**RECORDS FOR THIS TASK**
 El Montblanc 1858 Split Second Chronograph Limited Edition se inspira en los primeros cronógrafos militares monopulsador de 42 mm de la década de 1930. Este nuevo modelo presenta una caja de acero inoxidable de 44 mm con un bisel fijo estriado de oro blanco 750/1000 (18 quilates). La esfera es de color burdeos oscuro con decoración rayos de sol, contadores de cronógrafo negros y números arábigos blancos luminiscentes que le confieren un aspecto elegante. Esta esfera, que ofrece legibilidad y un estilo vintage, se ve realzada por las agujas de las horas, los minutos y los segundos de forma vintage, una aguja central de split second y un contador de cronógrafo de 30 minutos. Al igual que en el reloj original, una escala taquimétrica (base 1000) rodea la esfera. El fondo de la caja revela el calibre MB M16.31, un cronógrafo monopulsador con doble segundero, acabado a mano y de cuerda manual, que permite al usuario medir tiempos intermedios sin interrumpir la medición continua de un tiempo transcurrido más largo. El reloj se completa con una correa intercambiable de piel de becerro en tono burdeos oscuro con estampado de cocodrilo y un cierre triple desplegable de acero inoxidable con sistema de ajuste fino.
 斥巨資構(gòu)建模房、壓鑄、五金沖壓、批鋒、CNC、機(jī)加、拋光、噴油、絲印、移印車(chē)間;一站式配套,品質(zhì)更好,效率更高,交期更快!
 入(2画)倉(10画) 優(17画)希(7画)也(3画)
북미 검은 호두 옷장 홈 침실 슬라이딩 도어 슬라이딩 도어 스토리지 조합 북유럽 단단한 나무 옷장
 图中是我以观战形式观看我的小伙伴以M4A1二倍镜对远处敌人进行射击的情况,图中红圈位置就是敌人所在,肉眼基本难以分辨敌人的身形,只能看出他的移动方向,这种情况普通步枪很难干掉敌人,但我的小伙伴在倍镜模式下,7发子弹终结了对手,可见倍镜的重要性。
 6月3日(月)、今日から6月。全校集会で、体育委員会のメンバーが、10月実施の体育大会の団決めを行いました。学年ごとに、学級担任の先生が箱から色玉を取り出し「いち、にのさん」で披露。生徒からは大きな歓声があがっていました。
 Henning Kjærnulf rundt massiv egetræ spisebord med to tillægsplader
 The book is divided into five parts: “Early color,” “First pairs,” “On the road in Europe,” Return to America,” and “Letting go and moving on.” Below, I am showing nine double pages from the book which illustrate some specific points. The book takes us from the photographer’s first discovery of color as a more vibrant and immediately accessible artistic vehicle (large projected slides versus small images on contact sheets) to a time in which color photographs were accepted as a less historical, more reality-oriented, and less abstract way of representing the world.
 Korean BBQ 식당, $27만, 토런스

**TASK ITEM**
Please reproduce exactly the lines above, beginning with the first and ending with the line that contains "Henning Kjærnulf rundt", and include nothing outside that range.

**ANSWER BOX**
 El Montblanc 1858 Split Second Chronograph Limited Edition se inspira en los primeros cronógrafos militares monopulsador de 42 mm de la década de 1930. Este nuevo modelo presenta una caja de acero inoxidable de 44 mm con un bisel fijo estriado de oro blanco 750/1000 (18 quilates). La esfera es de color burdeos oscuro con decoración rayos de sol, contadores de cronógrafo negros y números arábigos blancos luminiscentes que le confieren un aspecto elegante. Esta esfera, que ofrece legibilidad y un estilo vintage, se ve realzada por las agujas de las horas, los minutos y los segundos de forma vintage, una aguja central de split second y un contador de cronógrafo de 30 minutos. Al igual que en el reloj original, una escala taquimétrica (base 1000) rodea la esfera. El fondo de la caja revela el calibre MB M16.31, un cronógrafo monopulsador con doble segundero, acabado a mano y de cuerda manual, que permite al usuario medir tiempos intermedios sin interrumpir la medición continua de un tiempo transcurrido más largo. El reloj se completa con una correa intercambiable de piel de becerro en tono burdeos oscuro con estampado de cocodrilo y un cierre triple desplegable de acero inoxidable con sistema de ajuste fino.
 斥巨資構(gòu)建模房、壓鑄、五金沖壓、批鋒、CNC、機(jī)加、拋光、噴油、絲印、移印車(chē)間;一站式配套,品質(zhì)更好,效率更高,交期更快!
 入(2画)倉(10画) 優(17画)希(7画)也(3画)
북미 검은 호두 옷장 홈 침실 슬라이딩 도어 슬라이딩 도어 스토리지 조합 북유럽 단단한 나무 옷장
 图中是我以观战形式观看我的小伙伴以M4A1二倍镜对远处敌人进行射击的情况,图中红圈位置就是敌人所在,肉眼基本难以分辨敌人的身形,只能看出他的移动方向,这种情况普通步枪很难干掉敌人,但我的小伙伴在倍镜模式下,7发子弹终结了对手,可见倍镜的重要性。
 6月3日(月)、今日から6月。全校集会で、体育委員会のメンバーが、10月実施の体育大会の団決めを行いました。学年ごとに、学級担任の先生が箱から色玉を取り出し「いち、にのさん」で披露。生徒からは大きな歓声があがっていました。
 Henning Kjærnulf rundt massiv egetræ spisebord med to tillægsplader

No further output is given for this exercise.